# [Task details]
From the entries below, please output exactly the lines starting at the one containing "бполотно на лляній" and ending at the one containing "Chapter 8 History Crossword Puzzle WordMint", both included.

# [Task material]
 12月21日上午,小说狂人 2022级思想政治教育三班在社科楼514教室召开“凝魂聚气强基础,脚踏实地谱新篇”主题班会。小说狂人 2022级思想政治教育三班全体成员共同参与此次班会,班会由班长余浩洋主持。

--

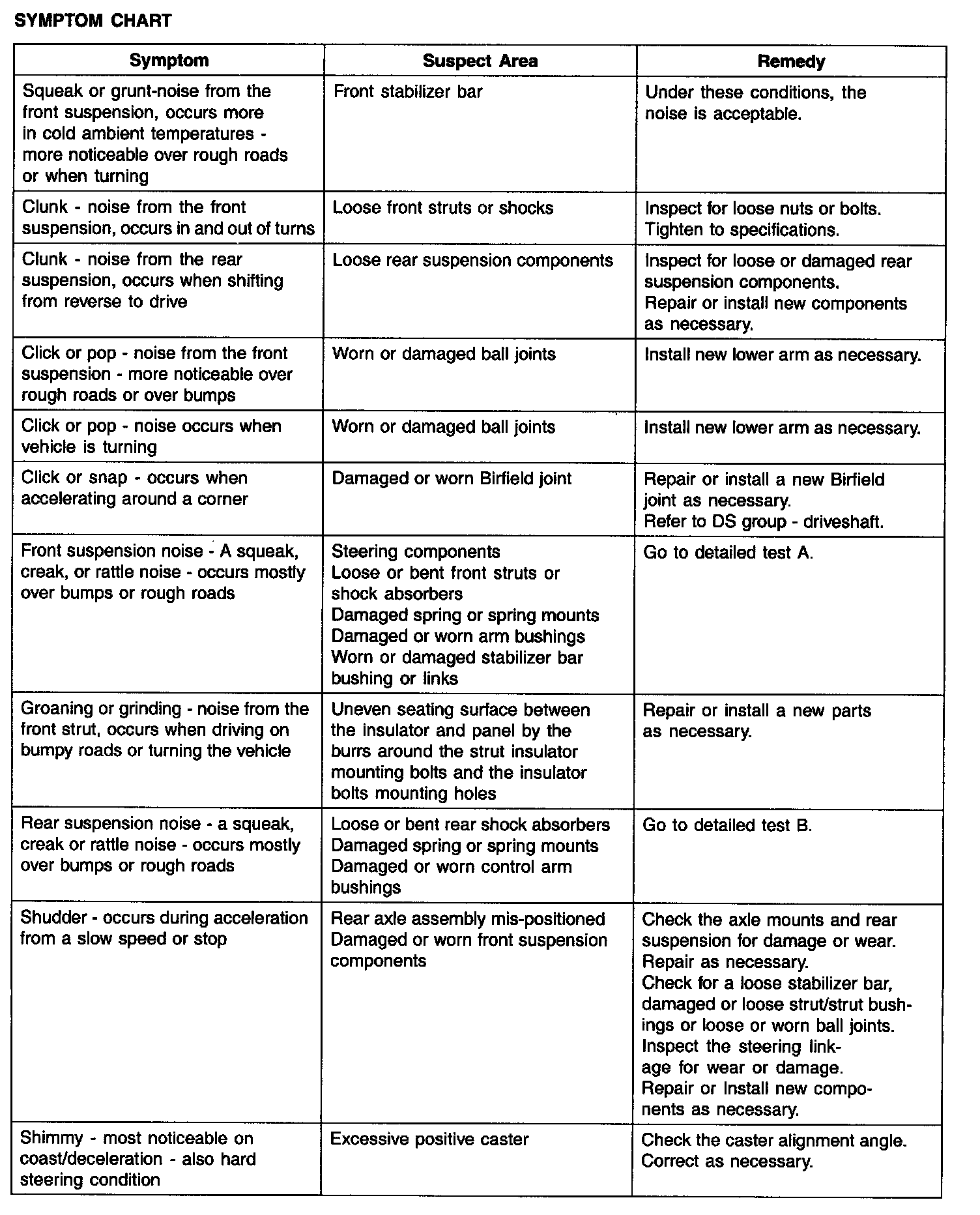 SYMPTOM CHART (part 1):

* * *

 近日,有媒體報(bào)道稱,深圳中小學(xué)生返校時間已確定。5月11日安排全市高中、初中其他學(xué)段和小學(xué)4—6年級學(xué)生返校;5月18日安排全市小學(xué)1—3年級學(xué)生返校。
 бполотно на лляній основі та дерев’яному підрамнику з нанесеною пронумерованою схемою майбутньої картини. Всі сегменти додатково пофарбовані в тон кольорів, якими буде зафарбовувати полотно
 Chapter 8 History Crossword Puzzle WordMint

# [Written response]
 бполотно на лляній основі та дерев’яному підрамнику з нанесеною пронумерованою схемою майбутньої картини. Всі сегменти додатково пофарбовані в тон кольорів, якими буде зафарбовувати полотно
 Chapter 8 History Crossword Puzzle WordMint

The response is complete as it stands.